Bagaimana mungkin? Bukankah episenter gempa Yogyakarta letaknya sangat jauh dengan lokasi LUSI?
Lokasi keduanya berjarak hampir 200 km (185 km). Tapi bila Anda
lihat di peta, Yogyakarta berada di bawah jajaran sistem gunung berapi
di Jawa. Sementara Sidoarjo terletak di bagian atas sistem gunung berapi
di Jawa. Sistem gunung berupa magmatik ini mirip seperti sebuah kabel.
Ketika Anda tekan kabel pada bagian bawah, akan terjadi gaya tekan
ke bagian atasnya. Dengan struktur magmatik tersebut, gelombang seismik
gempa Yogyakarta akan mempengaruhi struktur gunung lumpur LUSI. Jadi,
jarak 200 km bagi sebuah proses geologi tidak berarti apa-apa.
Lalu kenapa gempa Yogyakarta tidak mempengaruhi sistem gunung lumpur lain selain LUSI?
Sebab, LUSI berada pada kawasan metastabil (tak stabil), dengan sejarah gempa-gempa bumi, letusan gunung berapi dan mud volcano. Semua berkaitan. Apalagi sebelumnya sudah terjadi gempa tepat di bawah lokasi LUSI.
OK, tapi kenapa butuh waktu dua hari sejak gempa Yogyakarta hingga terjadi letusan LUSI pada 29 Mei 2006?
Gunung lumpur LUSI tidak berada pada struktur yang kosong. Terdapat
berbagai lapisan batuan.
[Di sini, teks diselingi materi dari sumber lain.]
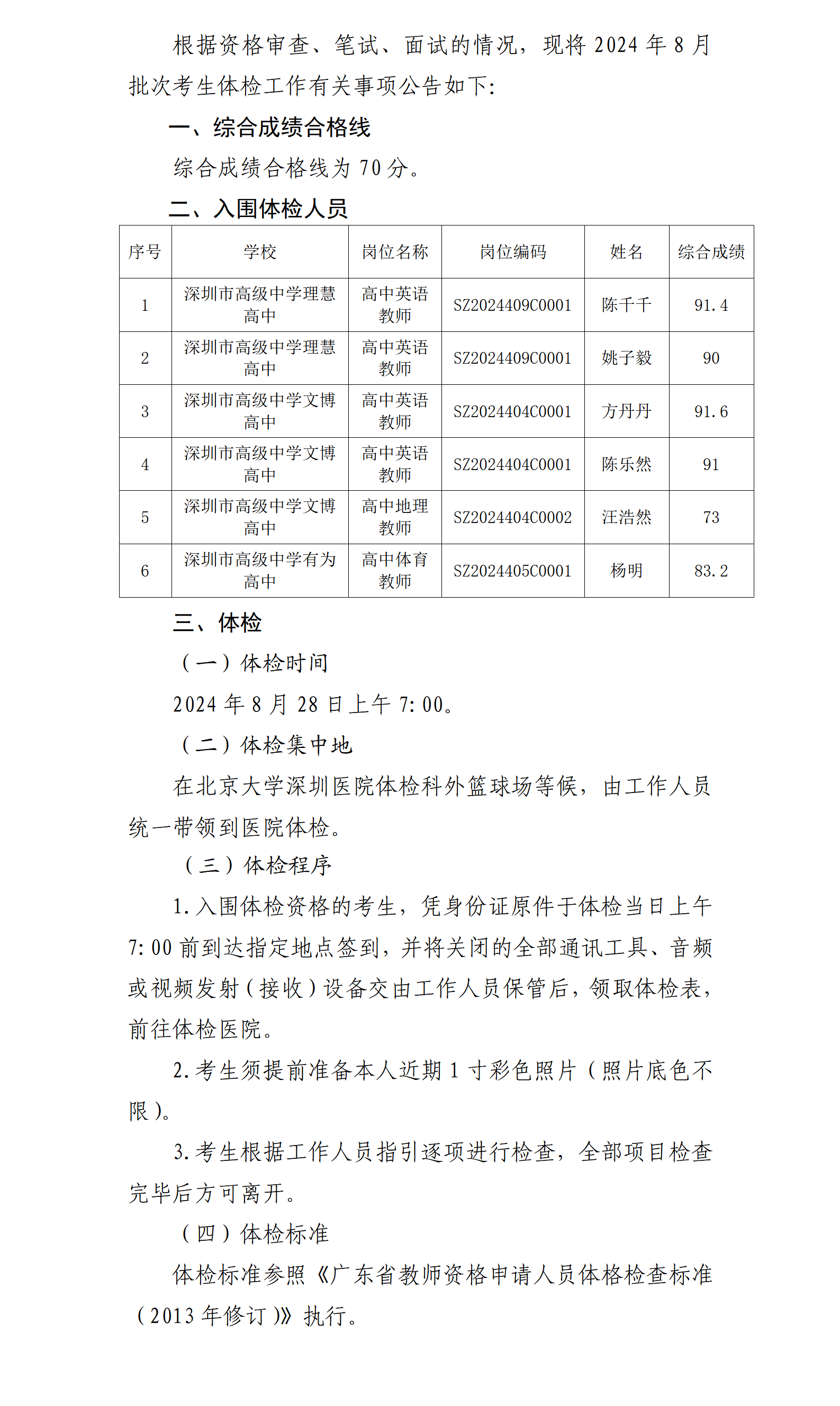 深圳市高级中学高中园 2024年8月校招 综合成绩及入围体检名单的公告

Lumpur dan air butuh waktu untuk naik ke atas,
apalagi kedalaman lumpur sekitar 3 km di bawah (pemetaan 3D gunung
lumpur LUSI dilakukan hingga kedalaman 5 km di bawah permukaan tanah,
Red).
Apakah penyebabnya hanya gempa saja?
Gempa bumi bukan satu-satunya pemicu semburan LUSI. Semburan
terjadi lebih karena struktur geologi di pulau Jawa. Terdapat deposit
lumpur dalam jumlah besar di bawah wilayah Sidoarjo. Selain itu
pergerakan sesar di sana juga bisa mempengaruhi terjadinya semburan.
Pada daerah yang dekat dengan zona subduksi, tekanan bawah tanah memang
sangat tinggi karena banyaknya aktivitas magma yang terjadi.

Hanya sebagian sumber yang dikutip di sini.